One of the more important roles they play is to give encouragement and feedback. I’ve never had a knee replaced. I didn’t know what to expect. I had no idea if a pain was normal or if the screws had come loose in my knee. “Yes, this is to be expected. Yes, most everyone experiences this. What you are experiencing is common. No, your knee will not come unglued nor will it rust in the rain.” Mark told me several times, their goal was to provide good rehabilitation, with minimal pain. I found out my West Texas axiom of “Pain is weakness leaking out” is wrong. All along the way, I was encouraged to use the prescribed medicines to ease the pain because pain can often cause the healing process to slow down or stop. It was good to have wise people leading me through the whole thing (and not my football coaches ).
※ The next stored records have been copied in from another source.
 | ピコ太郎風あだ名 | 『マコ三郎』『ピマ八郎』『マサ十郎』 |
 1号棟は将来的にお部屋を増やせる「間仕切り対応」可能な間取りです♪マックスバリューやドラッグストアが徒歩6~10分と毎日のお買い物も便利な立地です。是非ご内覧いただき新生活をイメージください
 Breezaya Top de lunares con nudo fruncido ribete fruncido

About ten years ago, I tore my Achilles tendon and had surgery to repair it. Because of insurance changes, new job demands, my PT was cut short and I never finished rehabbing. I have regretted it later in years because my ankle and foot pronation were never the same and I tend to roll my right foot and ankle outward when I walk. It makes my shoes wear out in the wrong way. It shows me that after such surgeries, good rehab / PT is very important and following directions for proper healing. Mark gave me some exercises and tools to help with my right ankle and I can tell the difference after adding them to my regimen.
The problem with having good physical therapists is you become addicted to them. It’s so comforting to have a coach, an adviser to give you feedback, keep you on track and working toward your goal. When we started talking about ending the therapy, I had moments of panic. How will I survive? Who will assure me I am getting better? How will I keep up with the various restaurants and eating habits of Josh, Paul and David? I tried to bribe them with fresh bread from my own ovens. I volunteered to sweep the floors and fold all the towels and pillow cases, if only they would let me drop by weekly for a workout. But, alas, I was sent away with a T-shirt and a loud clang on the ‘Gong of Graduation.’ Thanks guys, after all we meant to each other.
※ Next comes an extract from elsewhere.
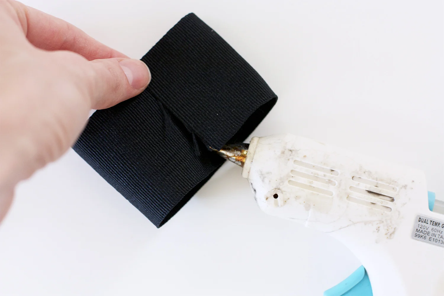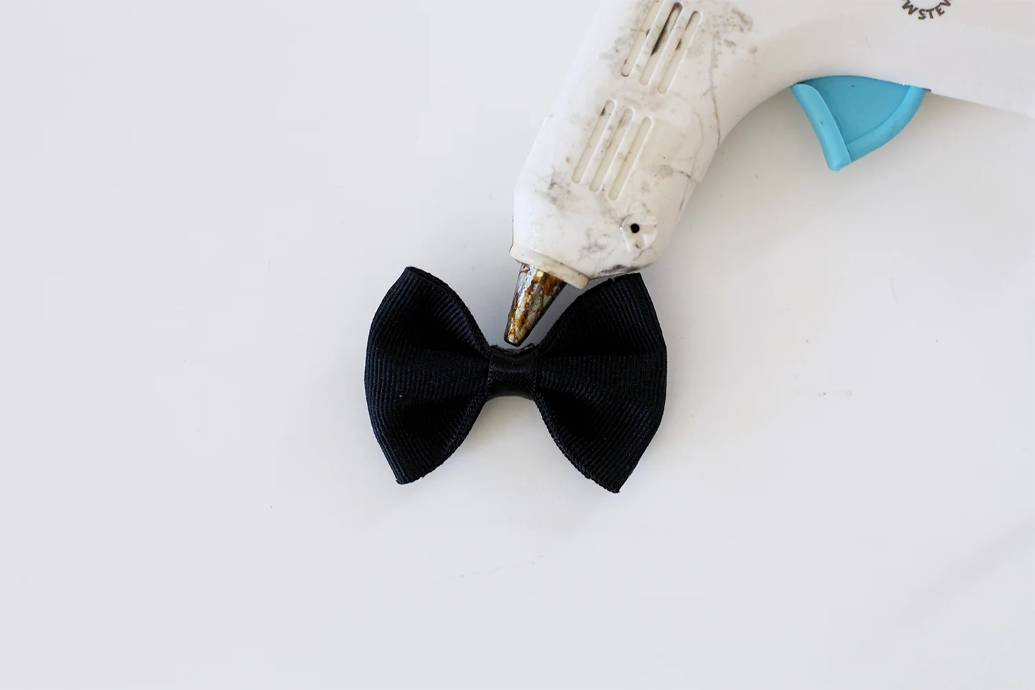 Cut a piece of the thin black ribbon to about 1.5." Wrap the thin ribbon around the center of the wide ribbon to make a bow tie. Trim and glue the ends together.

But, really, they were a great crew and I recommend them highly if you need some physical therapy, especially if you are recovering from surgery or some other traumatic event. (In fact friends Jim and Martha Davis are being attended to by this very group).
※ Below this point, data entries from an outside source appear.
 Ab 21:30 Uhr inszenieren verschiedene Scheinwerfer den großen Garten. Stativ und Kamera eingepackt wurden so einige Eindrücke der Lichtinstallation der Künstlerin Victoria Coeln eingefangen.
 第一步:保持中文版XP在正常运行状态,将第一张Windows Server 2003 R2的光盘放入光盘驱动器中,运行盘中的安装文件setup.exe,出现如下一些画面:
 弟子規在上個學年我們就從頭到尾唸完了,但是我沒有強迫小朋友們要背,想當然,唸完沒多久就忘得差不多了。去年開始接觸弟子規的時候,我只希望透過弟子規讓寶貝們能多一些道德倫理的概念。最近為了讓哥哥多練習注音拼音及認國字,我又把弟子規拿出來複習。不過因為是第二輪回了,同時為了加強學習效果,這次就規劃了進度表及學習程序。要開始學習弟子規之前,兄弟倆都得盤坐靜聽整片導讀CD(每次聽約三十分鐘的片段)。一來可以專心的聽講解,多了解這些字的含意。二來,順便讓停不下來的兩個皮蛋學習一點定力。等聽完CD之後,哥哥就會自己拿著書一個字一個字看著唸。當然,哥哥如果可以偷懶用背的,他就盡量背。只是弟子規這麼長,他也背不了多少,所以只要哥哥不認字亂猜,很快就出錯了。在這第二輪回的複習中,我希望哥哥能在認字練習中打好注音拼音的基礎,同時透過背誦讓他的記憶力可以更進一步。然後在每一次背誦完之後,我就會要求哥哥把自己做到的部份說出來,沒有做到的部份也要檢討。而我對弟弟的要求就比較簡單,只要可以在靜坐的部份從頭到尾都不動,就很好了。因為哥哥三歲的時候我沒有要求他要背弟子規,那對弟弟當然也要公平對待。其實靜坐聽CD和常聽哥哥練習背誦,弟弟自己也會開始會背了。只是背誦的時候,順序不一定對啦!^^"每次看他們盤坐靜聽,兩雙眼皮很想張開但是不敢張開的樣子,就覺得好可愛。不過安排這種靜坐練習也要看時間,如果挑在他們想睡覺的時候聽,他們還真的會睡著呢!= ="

In this photo on the left, you see some of the contraptions used for strengthening and for mobility. One thing I would never have thought is the loss of balance with the new knee. With all the trauma to the muscles, ligaments and tendons, they just didn’t work well after the surgery. One of the exercises was to stand on my left leg, balancing for 30 seconds at a time up to two minutes. Very hard to do after my surgery. After a couple of weeks, they complicated it by having me stand in front of the small throw-back / trampoline device on one leg and play catch with myself using a two pound ball bouncing off the mesh. ( It’s in the bottom left of the picture in this paragraph.) Thanks, Mark. I’ll get even with you some day. Actually, I’m not sure I was ever coordinated enough to do this before surgery, so, after … well I got where I could do it for 30 seconds but … come on, man.
But, I did get most of my balance back. How do I know? I found out the other day, I could put my pants on, one leg at a time, without having to sit down. I think it’s working. Rehab doesn’t stop. I continue exercises on my own. Still 8 months of this year long recovery left. We’ll keep in touch.